Absence of monocyte chemoattractant protein 1 in mice leads to decreased local macrophage recruitment and antigen-specific T helper cell type 1 immune response in experimental autoimmune encephalomyelitis

Affiliations

Absence of monocyte chemoattractant protein 1 in mice leads to decreased local macrophage recruitment and antigen-specific T helper cell type 1 immune response in experimental autoimmune encephalomyelitis

D R Huang et al. J Exp Med. .

Abstract

Monocyte chemoattractant protein (MCP)-1 plays a critical role in innate immunity by directing the migration of monocytes into inflammatory sites.
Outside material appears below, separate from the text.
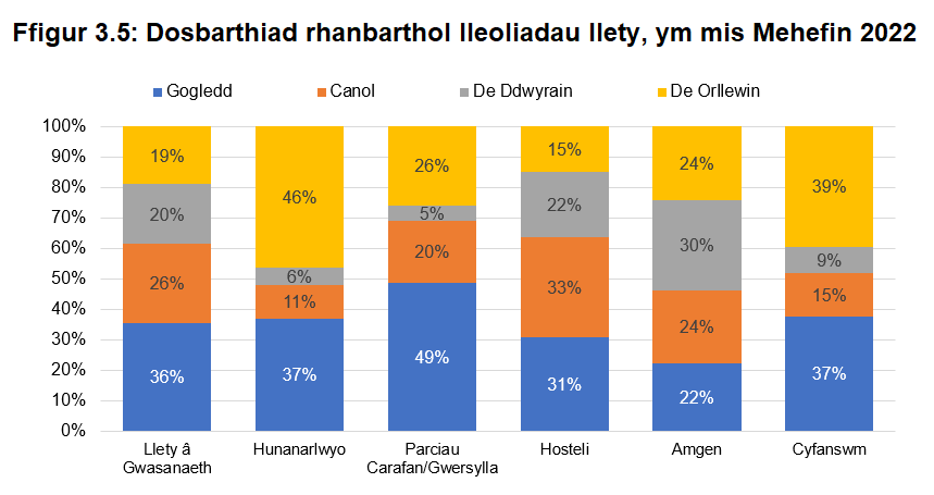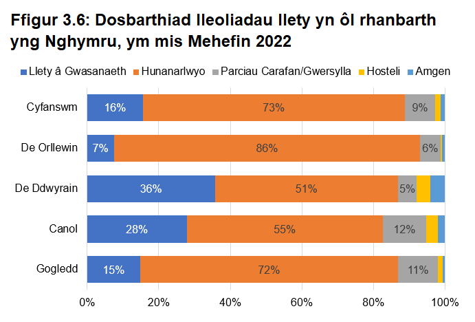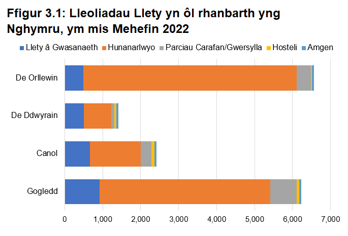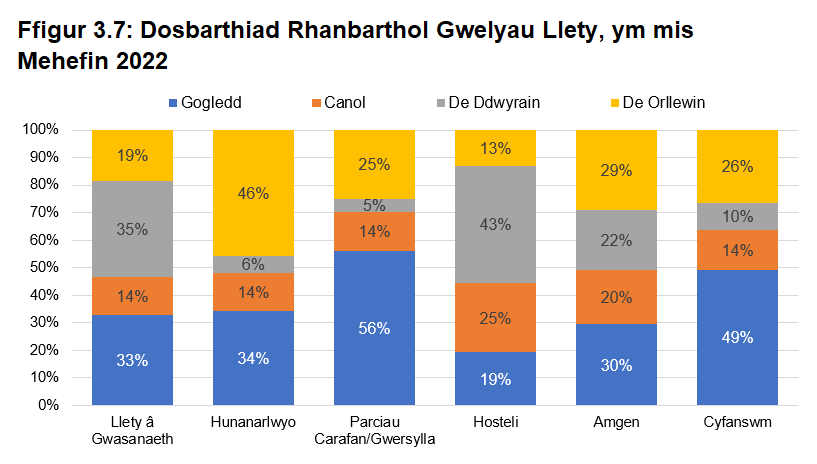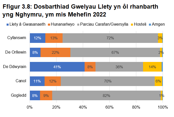 Gyda'i gilydd, mae De-orllewin Cymru, sydd â 6,557, a Gogledd Cymru, sydd â 6,038, yn cyfrif am dri chwarter y lleoliadau llety ond mae'r dosbarthiad yn amrywio yn ôl categori. Mae lleoliadau amgen wedi'u dosbarthu'n eithaf cyfartal rhwng y rhanbarthau, er y dylid nodi maint bach y bôn (195).

Recent data indicated a function for this chemokine in adaptive immunity as a regulator of T cell commitment to T helper cell type 2 (Th2) effector function. Studies in a Th1-dependent animal model, experimental autoimmune encephalomyelitis (EAE), showed that MCP-1 was highly expressed in the central nervous system (CNS) of affected rodents, and MCP-1 antibodies could block relapses of the disease. Mice deficient for the major MCP-1 receptor, CC chemokine receptor (CCR)2, did not develop EAE after active immunization but generated effector cells that could transfer the disease to naive wild-type recipients. We analyzed EAE in mice deficient for MCP-1 to define the relevant ligand for CCR2, which responds to murine MCP-1, MCP-2, MCP-3, and MCP-5. We found that C57BL/6 MCP-1-null mice were markedly resistant to EAE after active immunization, with drastically impaired recruitment of macrophages to the CNS, yet able to generate effector T cells that transferred severe disease to naive wild-type recipients. By contrast, adoptive transfer of primed T cells from wild-type mice into naive MCP-1-null recipients did not mediate clinical EAE. On the SJL background, disruption of the MCP-1 gene produced a milder EAE phenotype with diminished relapses that mimicked previous findings using anti-MCP-1 antibodies. There was no compensatory upregulation of MCP-2, MCP-3, or MCP-5 in MCP-1-null mice with EAE. These results indicated that MCP-1 is the major CCR2 ligand in mice with EAE, and provided an opportunity to define the role of MCP-1 in EAE. Compared with wild-type littermates, MCP-1-/- mice exhibited reduced expression of interferon gamma in draining lymph node and CNS and increased antigen-specific immunoglobulin G1 antibody production. Taken together, these data demonstrate that MCP-1 is crucial for Th1 immune responses in EAE induction and that macrophage recruitment to the inflamed CNS target organ is required for primed T cells to execute a Th1 effector program in EAE.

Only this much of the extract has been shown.